Details
Status | Subtype | Assigned | Task | ||
---|---|---|---|---|---|
Resolved | • chasemp | T144494 New instances carnt connect to remote mysql setup by another instance | |||
Resolved | Paladox | T141803 fix puppet issues when applying role::gerrit::server in labs | |||
Resolved | • chasemp | T142440 Request increased quota (floating-IP) for git labs project | |||
Resolved | Andrew | T142528 please associate gerrit-01.wmflabs.org with 208.80.155.149 |
Event Timeline
Getting error
Error: Could not retrieve catalog from remote server: Error 400 on SERVER: Must pass ipv4 to Class[Role::Gerrit::Server] on node gerrit-test3.git.eqiad.wmflabs
Warning: Not using cache on failed catalog
Error: Could not retrieve catalog; skipping run
hosts/lead.yaml:role::gerrit::server::ipv4: '208.80.154.85'
You'll have to set a value for ipv4 in Hiera. In Labs you can either do that in the repo or on the special wiki page.
I now get
Error: Could not retrieve catalog from remote server: Error 400 on SERVER: Must pass ipv6 to Class[Role::Gerrit::Server] on node gerrit-test3.git.eqiad.wmflabs
Warning: Not using cache on failed catalog
Error: Could not retrieve catalog; skipping run
Now I get
Error: Could not retrieve catalog from remote server: Error 400 on SERVER: Could not find data item gerrit::host in any Hiera data file and no default supplied at /etc/puppet/modules/role/manifests/gerrit/server.pp:7 on node gerrit-test3.git.eqiad.wmflabs
Warning: Not using cache on failed catalog
Error: Could not retrieve catalog; skipping run
Alright, that's the same thing, just IPv6 instead of IPv4
hosts/lead.yaml:role::gerrit::server::ipv6: '2620:0:861:3:208:80:154:85'
Now I get
Error: Could not retrieve catalog from remote server: Error 400 on SERVER: Must pass replication to Class[Gerrit::Jetty] at /etc/puppet/modules/gerrit/manifests/init.pp:9 on node gerrit-test3.git.eqiad.wmflabs
Warning: Not using cache on failed catalog
Error: Could not retrieve catalog; skipping run
I copied https://github.com/wikimedia/operations-puppet/blob/854e04b8f21502cbcbf3043ac0b264b26d5b1076/hieradata/role/common/gerrit/server.yaml to https://github.com/wikimedia/operations-puppet/blob/854e04b8f21502cbcbf3043ac0b264b26d5b1076/hieradata/role/common/gerrit/server.yaml not all of it but some.
I now get error
Notice: /Stage[main]/Role::Gerrit::Server/Interface::Ip[role::gerrit::server_ipv6]/Exec[ip addr add /128 dev eth0]/returns: Error: an inet prefix is expected rather than "/128".

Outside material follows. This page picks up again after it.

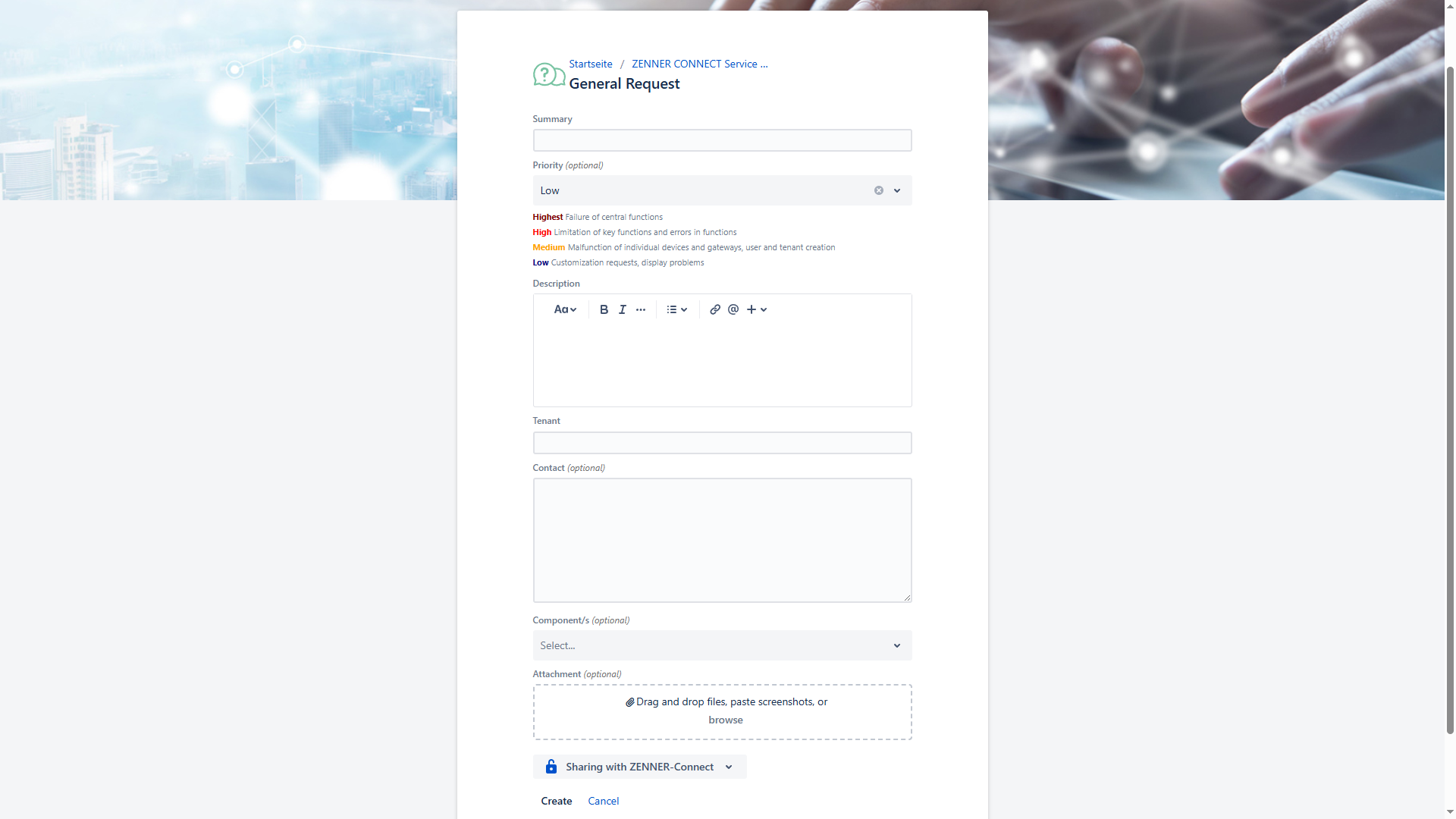 To report a problem or error, it is best to use the ZENNER Connect Service Desk.

Error: ip addr add /128 dev eth0 returned 1 instead of one of [0,2]
Error: /Stage[main]/Role::Gerrit::Server/Interface::Ip[role::gerrit::server_ipv6]/Exec[ip addr add /128 dev eth0]/returns: change from notrun to 0 2 failed: ip addr add /128 dev eth0 returned 1 instead of one of [0,2]
It does not let you get away with setting a blank value for IPv6. It wants to see a real IP there.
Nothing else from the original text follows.